What cared he––no wife or child to cheer him! No cares save but to see that the ensign did not roll foul of the halyards, that the broad pennant blew out straight, that the half-hour glass did not need turning, and that no boat approached the frigate without his reporting it to the officer of the watch. Naught else save, perhaps, whether the other old quarter-master, Charley Holmes, down below there on the gun-deck, had wiped from his lips the moisture of the midday grog, and would be up in time to take the relief while the pea soup was warm. Nothing else.
The lieutenant of the watch briskly paced the solid deck, scrubbed white as milk with lime-juice and molasses, the even seams between the planks glistening like the strands of a girl’s raven tresses as his profane and rapid feet pressed upon them. What thought he in his careless walk, with the gleaming bunch of bullion on his right 184 shoulder, sword by his side, white trowsers, and gilt eagle buttons on his navy-blue coat?
He was thinking how his pittance of pay would support, in a scrimpy way, his poor mother and sister, who looked unto him as their only hope and refuge. And he thought, too, as he tramped that noble deck, made glorious by many a battle and victory in which he had borne a humble part, that his rich and powerful country would eventually reward him with increased pay and promotion. Were the single dollar which lay alone in his trowsers pocket, and the light mist which arose off there beyond the Apostles’ Battery, opposite Port Royal Harbor, an evidence of one or a sign of the last aspiration?

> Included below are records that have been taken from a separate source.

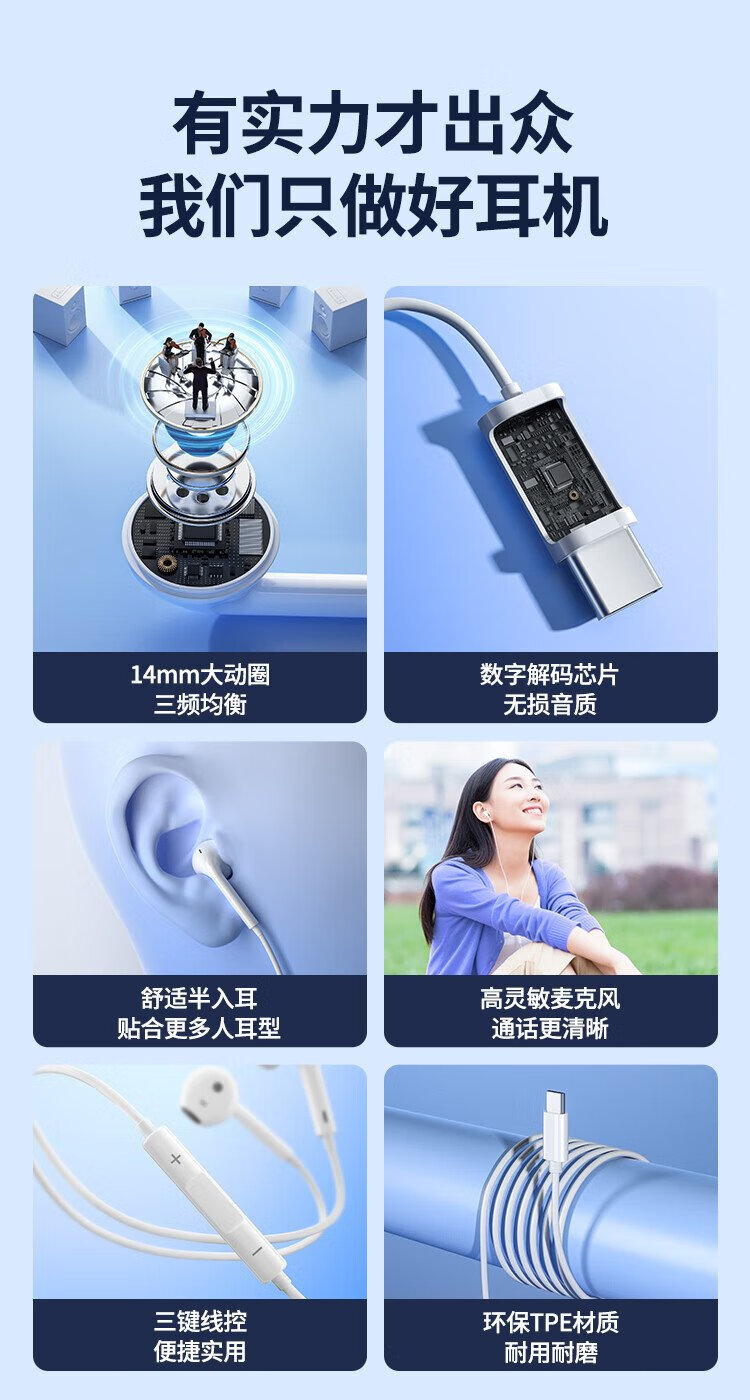 ENKOR wired earphones semi-in-ear adapter Apple iphone15/16/17promax/plus/Air/type-c interface USB-C series tablet ipad mobile phone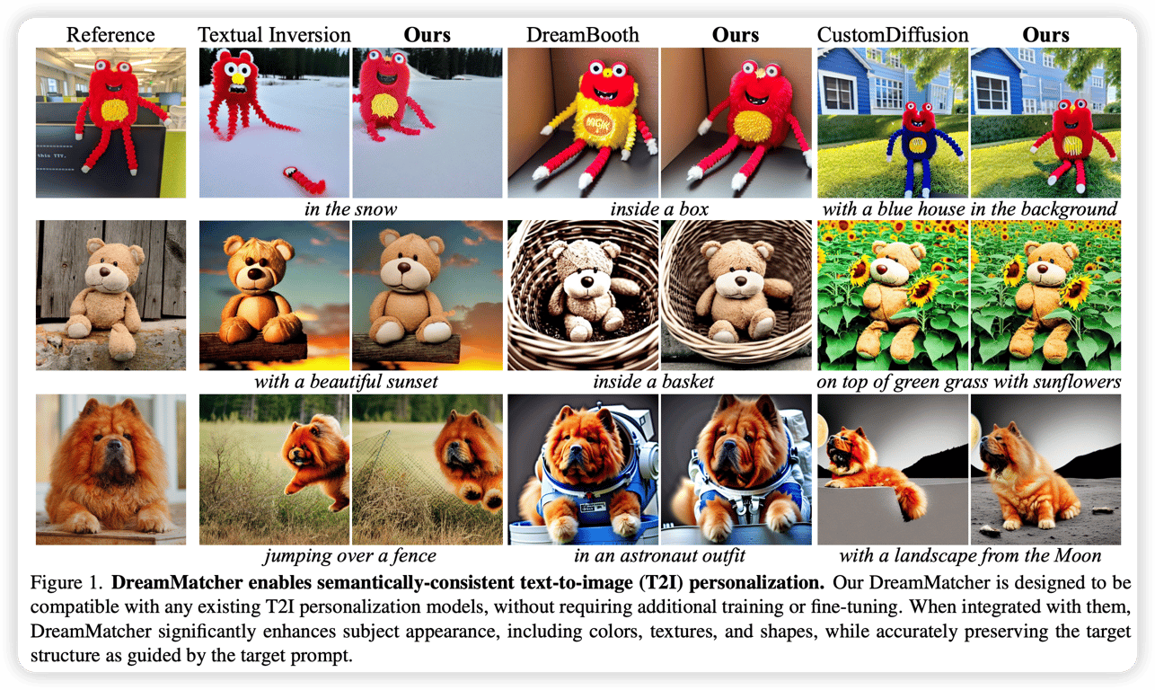 <ul class="dashed" data-apple-notes-indent-amount="0"><li><span style="font-family: '.PingFangUITextSC-Regular'">文章标题:</span>DreamMatcher: Appearance Matching Self-Attention for Semantically-Consistent Text-to-Image Personalization</li><li><span style="font-family: '.PingFangSC-Regular'">文章地址:</span><a href="https://arxiv.org/abs/2402.09812">https://arxiv.org/abs/2402.09812</a> </li><li>CVPR 2024</li></ul> <img src="https://imagedelivery.net/phxEHgsq3j8gSnfNAJVJSQ/NODE2_C174856F-E217-4384-B0B3-B4F9FB6D9899/public" style="background-color:initial;max-width:min(100%,2382px);max-height:min(948px);;background-image:url(https://imagedelivery.net/phxEHgsq3j8gSnfNAJVJSQ/NODE2_C174856F-E217-4384-B0B3-B4F9FB6D9899/public);height:auto;width:100%;object-fit:cover;background-size:cover;display:block;" width="2382" height="948"><ul class="dashed" data-apple-notes-indent-amount="0"><li></li></ul> 该文章是在定制化生成模型基础上增强生成质量的方法。 具体来说先将参考图像进行DDIM反转得到其扩散过程,然后在目标图像生成的过程中,将参考过程Self-Attention中的Value经过所谓的语义配对变形后替换到目标过程的value中,这里涉及到变形场的概念,需要学一下,大致就是 <img src="https://imagedelivery.net/phxEHgsq3j8gSnfNAJVJSQ/NODE2_7C13D354-2EF7-4FB0-94D3-16BDBEE5CFBD/public" style="background-color:initial;max-width:min(100%,2352px);max-height:min(1404px);;background-image:url(https://imagedelivery.net/phxEHgsq3j8gSnfNAJVJSQ/NODE2_7C13D354-2EF7-4FB0-94D3-16BDBEE5CFBD/public);height:auto;width:100%;object-fit:cover;background-size:cover;display:block;" width="2352" height="1404">
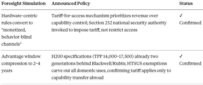 The January 14, 2026 H200 tariff announcement validates MindCast AI’s National Innovation Vision foresight at the architectural level. The policy implements precisely the structure the foresight simulations modeled: commercial reopening through a credentialing system without a monitoring system, revenue extraction without capability governance, and institutional accommodation of market pressure over strategic protection.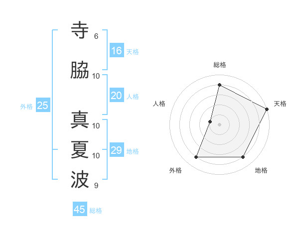寺脇 真夏波さんの天格は16画の5点!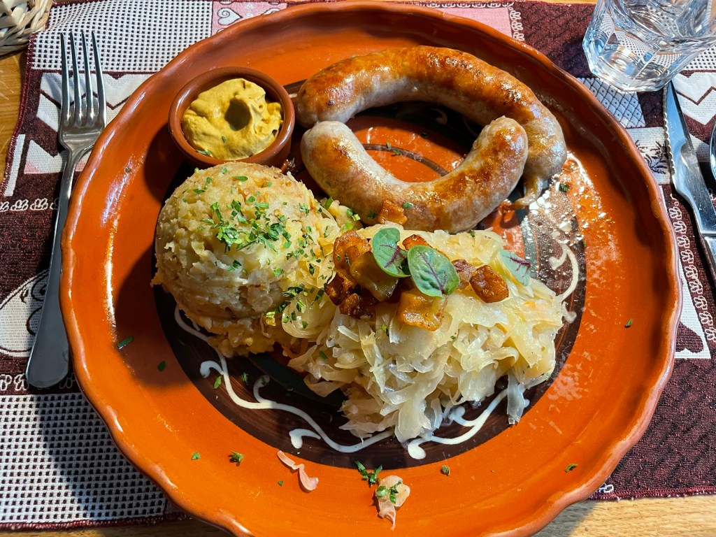 Many meetings of the Skagen painters took place in the dining room of Brøndums Hotel. To mark it as their own, the artists decorated the room with paintings and portraits inlaid within the wood paneling. In later years the original decor was preserved and transferred to the Skagen Museum so that visitors can see the room as it existed then. Meanwhile the Brøndums Hotel still stands, and it is possible to order lunch as we did in its now modernized dining room. One specialty of the house is a Danish treat: smørrebrød.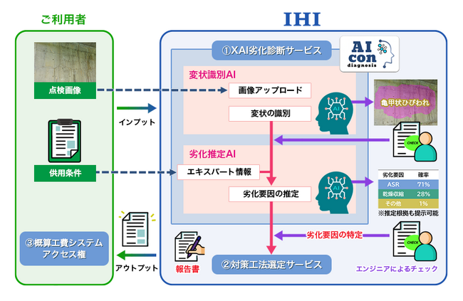 IHIグループでは,このAIcon診断(R)による出力を専門家がチェックし,さらに推定された劣化要因や運用条件にあった適切な対策工法をご利用者様に提示する受託サービスを開始しました。また,本受託サービスのアウトプット(報告書)を踏まえ,ご利用者様が予算規模や現場条件に応じた概算工費を算定できる「概算工費システム」のアクセス権の提供も併せて開始しています。これらはご利用者様のニーズに合わせ,下図に示す1.~3.までの3段階のサービスを選べることが可能です。

We hope not; but we shall see.[*]
Three or four midshipmen, too, pranced over that frigate’s white quarter-deck, on the port side, in their blue jackets and duck trowsers. Little gay madcaps they were, scarcely well into their teens, with little glittering toasting-forks of dirks dangling at their sides, and ready for any lark or mischief.

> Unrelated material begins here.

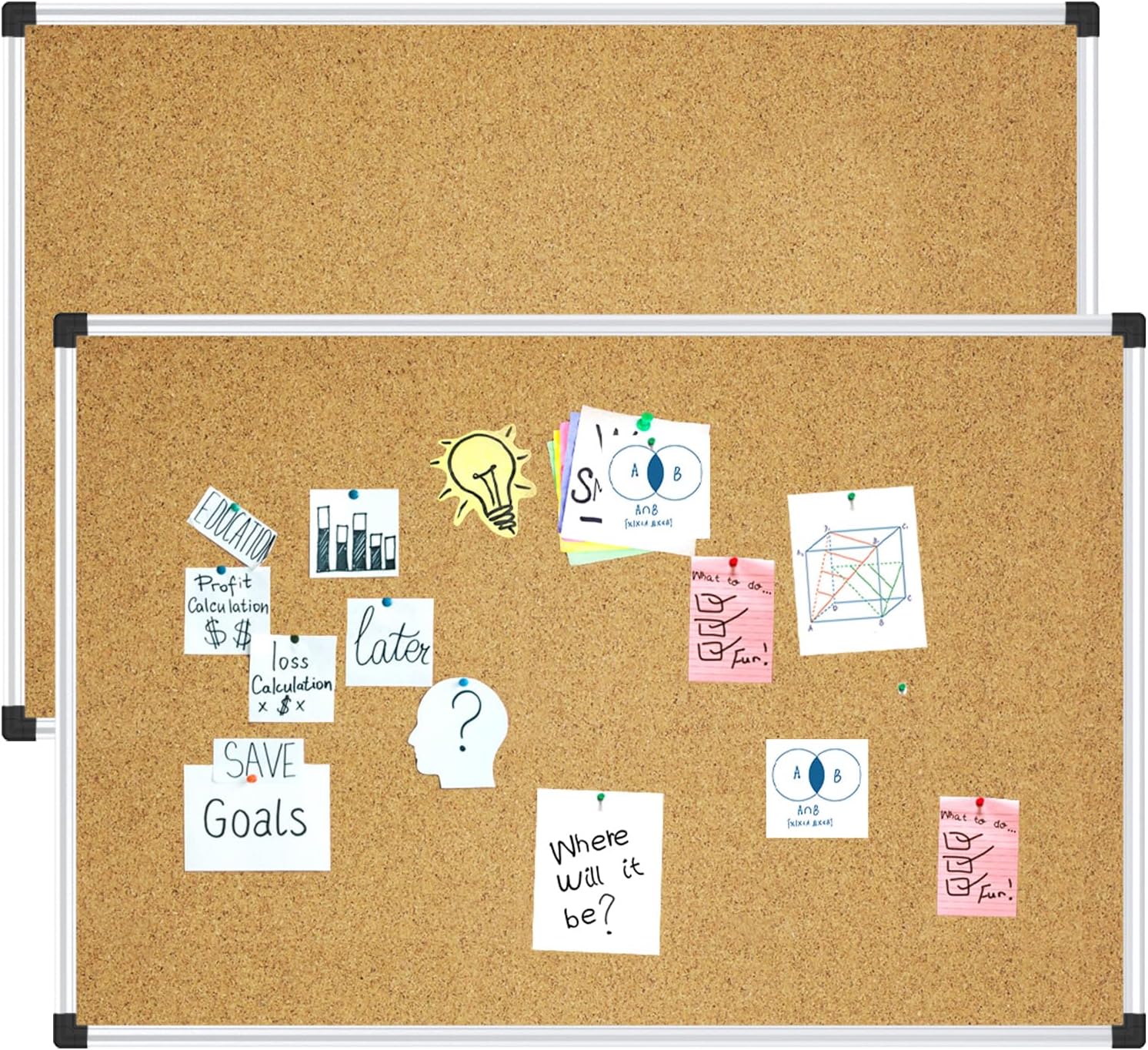 XBoard 24 x 18 Inch Cork Bulletin Notice Pin Board for Wall with Aluminum Frame for Home School & Office Display (Pack of 2)

And what thought those boyish imps of reefers? Did they trace the flight of that tropic man-of-war bird, sailing high up in the heavens, heading seaward, away into the distant future, through clouds and sunshine, rain and storm? And did they think, as they fluttered along the deck, that their own career might lead them in that direction, toward the star of promotion which shone so brightly near at hand, and was never reached; or else, by a chance shot, to come tumbling down with a crippled pinion, and hobble out their lives on shore? No. Those gay young blades, whose mothers were dreaming and sighing for them, had no reflections of that kind. They were chattering about the little frolic they had on their last liberty day, when the captain ordered them off to the frigate at sunset, and planning another for the week to come. Happy little scamps, let them dance their careless thoughts away!

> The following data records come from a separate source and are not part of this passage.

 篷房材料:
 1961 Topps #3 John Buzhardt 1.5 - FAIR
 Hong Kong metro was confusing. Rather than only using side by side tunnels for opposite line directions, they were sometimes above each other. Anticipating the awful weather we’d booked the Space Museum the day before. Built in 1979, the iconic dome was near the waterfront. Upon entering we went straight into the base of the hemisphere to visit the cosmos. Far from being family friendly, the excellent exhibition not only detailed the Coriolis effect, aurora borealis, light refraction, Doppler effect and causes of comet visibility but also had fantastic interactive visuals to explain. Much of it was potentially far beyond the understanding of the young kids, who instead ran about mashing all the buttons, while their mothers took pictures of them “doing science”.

“Two bells, sir,” said the quarter-master to the officer of the watch.
“Very good! Young gentlemen, tell the boatswain to turn the hands to, and have the barge manned. Let the first lieutenant and the marine officer know that the commodore is going to leave the ship. There, no larking on the quarter-deck, Mr. Mouse!”
This last command was addressed to a tiny youngster who was hardly big enough to go without pantalettes, much less to wear a jacket and order half a hundred huge sailors about, any one of whom was old enough to be his great-grandfather. But yet that small lad did it, and could steer a boat, too, or fly about like a ribbon in a high wind up there in the mizzen-top, while the men on the yard were taking the last reef in the top-sail.
“Go down to the cabin, sir, and let the commodore and his friend know the boat is ready.”